RAW DATA>
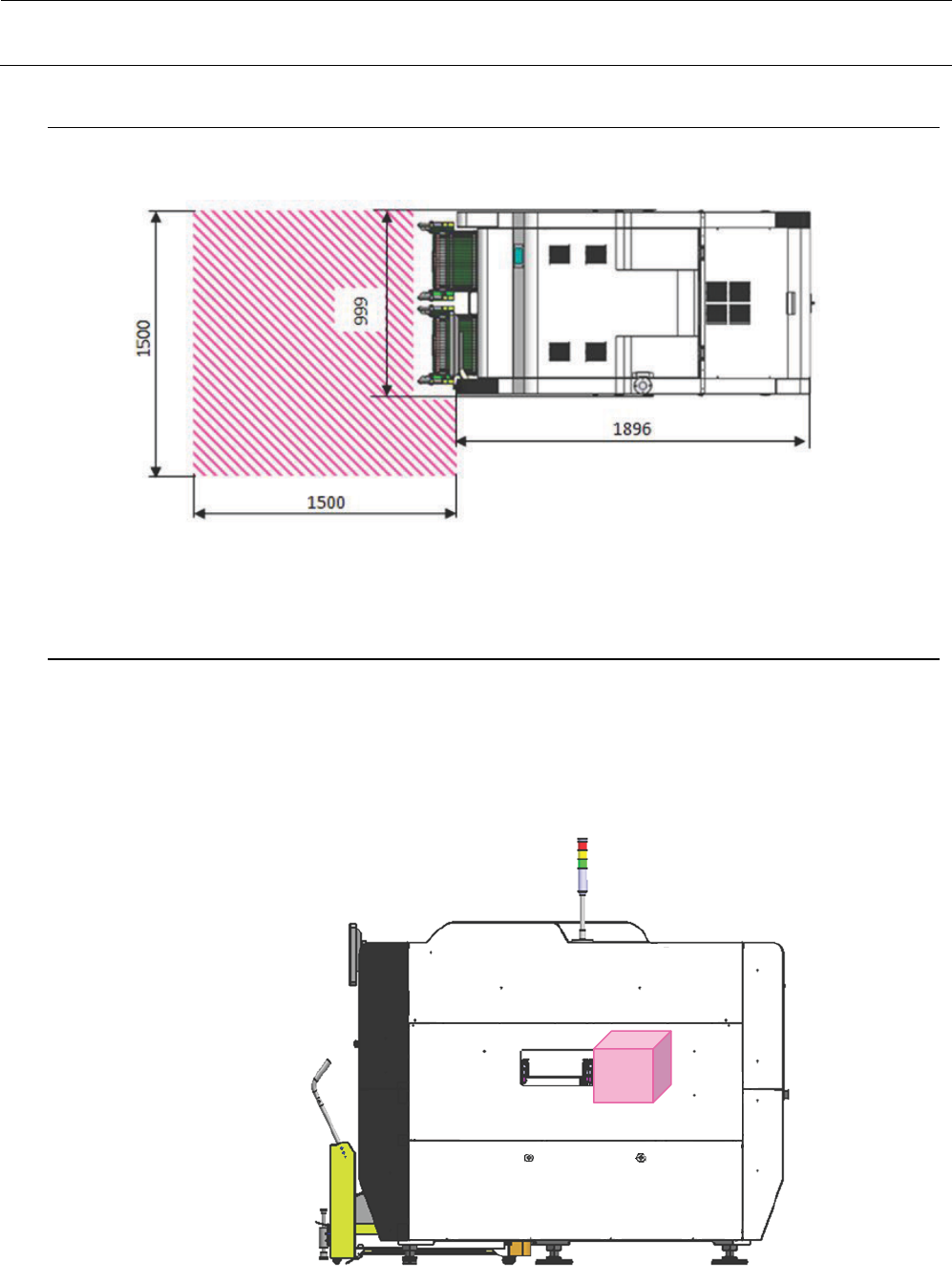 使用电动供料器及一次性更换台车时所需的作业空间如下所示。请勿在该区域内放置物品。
==
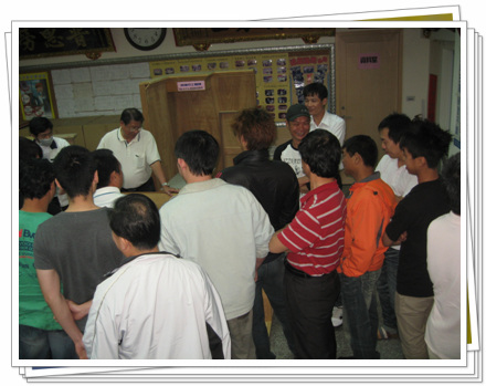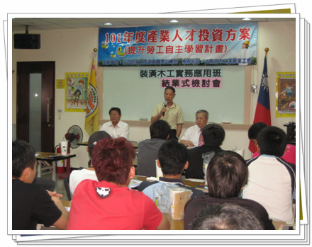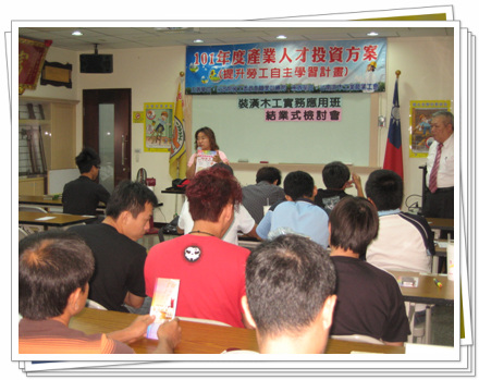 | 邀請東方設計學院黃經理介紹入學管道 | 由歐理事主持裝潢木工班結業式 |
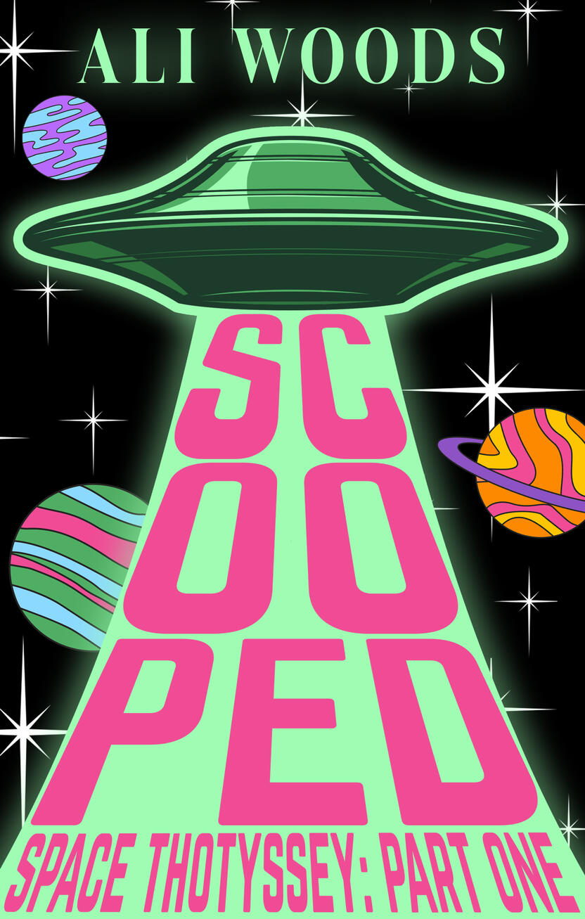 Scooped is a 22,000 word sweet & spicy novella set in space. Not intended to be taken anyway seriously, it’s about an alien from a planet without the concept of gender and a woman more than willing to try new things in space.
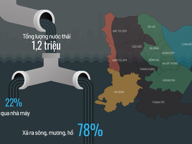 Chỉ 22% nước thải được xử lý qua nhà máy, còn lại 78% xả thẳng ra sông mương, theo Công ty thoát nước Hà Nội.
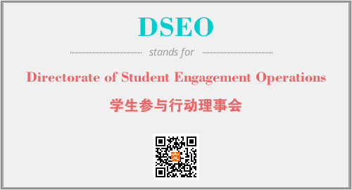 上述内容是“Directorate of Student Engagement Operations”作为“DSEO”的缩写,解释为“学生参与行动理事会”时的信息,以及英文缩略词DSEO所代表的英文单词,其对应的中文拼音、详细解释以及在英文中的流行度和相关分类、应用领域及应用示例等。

WHAT THE TASK REQUIRES>
Look above for the line with "Scooped is a" and the line with "Chỉ 22% nước", then copy them and all lines in between exactly as written, and only those, without any pictures.

OUTPUT>
 Scooped is a 22,000 word sweet & spicy novella set in space. Not intended to be taken anyway seriously, it’s about an alien from a planet without the concept of gender and a woman more than willing to try new things in space.
 Chỉ 22% nước thải được xử lý qua nhà máy, còn lại 78% xả thẳng ra sông mương, theo Công ty thoát nước Hà Nội.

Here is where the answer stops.